Do Animal Self-Identities Shape Concern for Animal Rights?
Think back to your days in school, be it high school or earlier. Was your school team represented by the mascot? If so, odds are that this mascot was some type of animal donning clothes and walking around on two legs. They might have even been able to talk. These mascots are an example of anthropomorphism, or the assignment of human characteristics to nonhumans including objects, plants, and animals.
As humans, we tend to treat those we identify as being more similar to us better. If we incorporate a human element into our perception of an animal, social identity theory says we will care more about their wellbeing. In turn, researchers have started to wonder if the inverse is true: if a human incorporates nonhuman elements into their own self-concept, are they more likely to be concerned with the well-being of nonhumans?
There are two groups who indeed identify with nonhuman animals: furries and therians. Furries are a group of people who enjoy media featuring anthropomorphized animals and have created communities centered around that. Many furries have fursonas, or personalized avatars that represent oneself – usually as an anthropomorphized nonhuman. On the other hand, therians identify as nonhuman animals in a metaphysical way and don’t necessarily enjoy anthropomorphic media. One of these individuals, for example, might identify as feeling like they have a cat soul but are trapped in a human body. Therians identify more closely with specific species than with anthropomorphized animals in general.
The potential overlap in these two groups is clear, but in this study, the authors sought to see how these two groups’ identification with nonhumans manifested in their moral concern for animals’ rights and wellbeing. They embarked on a series of three studies to try and come up with an answer.
The first study was held at a furry convention in Texas. For this one, the authors tested the validity of three hypotheses: first, therians would identify with nonhumans more than non-therian furries would. Second, therians would show at least as much concern for animal rights as non-therian furries. Third, therians’ concern for animal rights would be driven by how much they self-identify with nonhumans. 224 convention attendees were surveyed and all three hypotheses were supported. It was clear that a therian identify significantly contributed to one’s concern for animal rights, with stronger self-identification leading to a stronger concern.

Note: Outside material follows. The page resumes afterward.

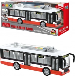 Ovaj detaljno izrađen trolejbus donosi djeci autentičan doživljaj gradskog prijevoza. Igračka reproducira najave stajališta na češkom (Glavni kolodvor, Gradsko kazalište, Zoološki vrt) te je upotpunjena atraktivnim svjetlosnim efektima. Zahvaljujući pogonu na inerciju, dovoljno je lagano pogurnuti trolejbus i krenut će naprijed.
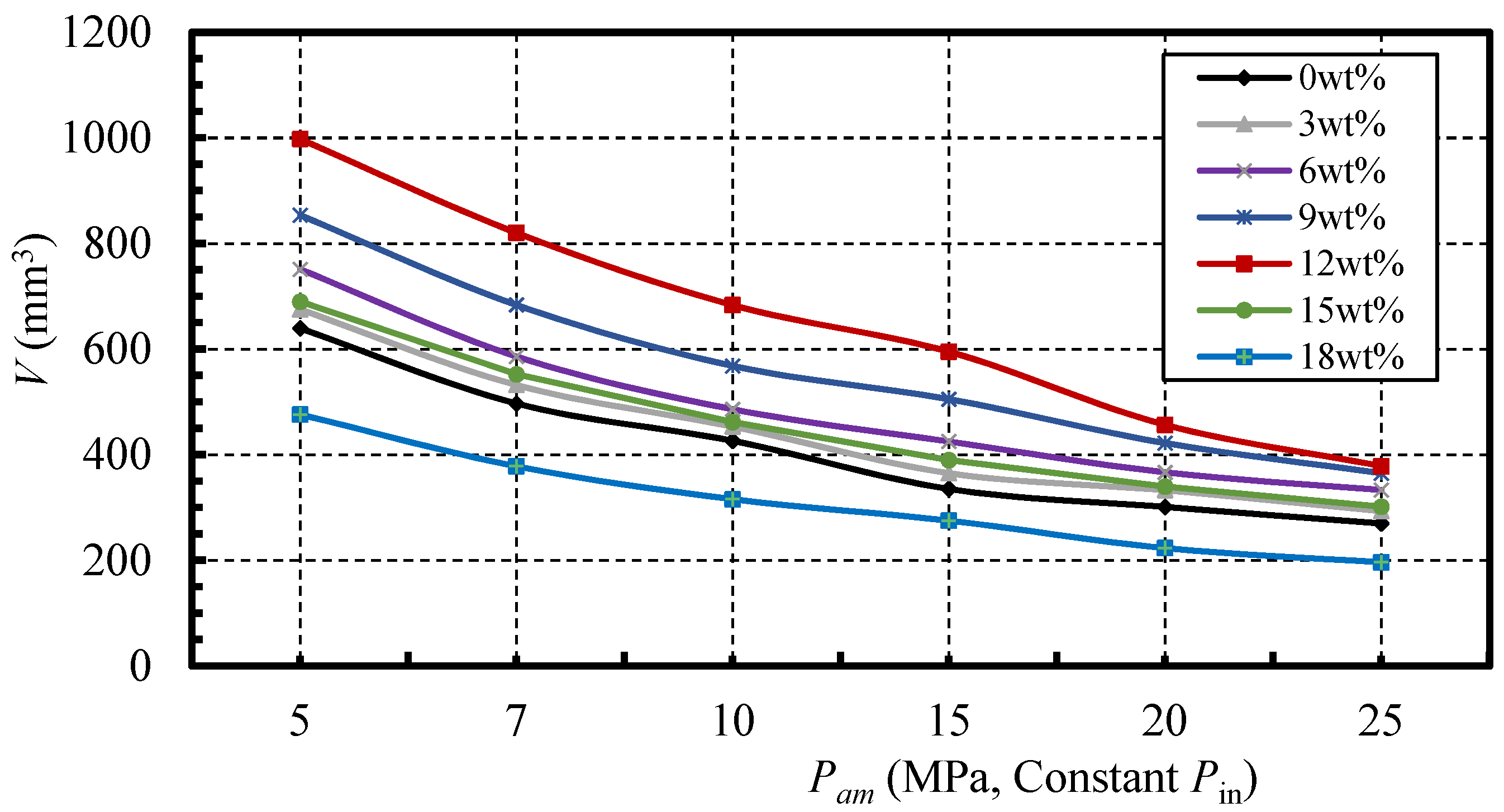 - Under the constant ΔP, the SC-CO2 jet with a nano-silica mass fraction of 6 wt % has the best erosion ability at ambient pressures of 5 MPa and 7 MPa. Then, with the increase of ambient pressure, mass fractions of 9 wt % and 12 wt %, take turns to achieve the best erosion ability. Moreover, a further increase of ambient pressure can enhance the erosion capability of the jets with mass fractions of 15 wt % and 18 wt %.

The authors wanted to drill down more and look into explicit versus implicit identifications. While explicit attitudes influence our controlled behaviors, implicit attitudes are more subtle and influence our automatic, subconscious behaviors. They traveled to another furry convention and recruited 206 participants to partake in their survey.
This time, the authors hypothesized that therians would be more likely to explicitly identify with nonhumans and support animal rights, and that therians were also more likely to implicitly identify with nonhumans and, in-turn, be interested in animal rights groups. Finally, they hypothesized that explicit identification with nonhuman animals would be a stronger predictor of animal rights support than implicit identification.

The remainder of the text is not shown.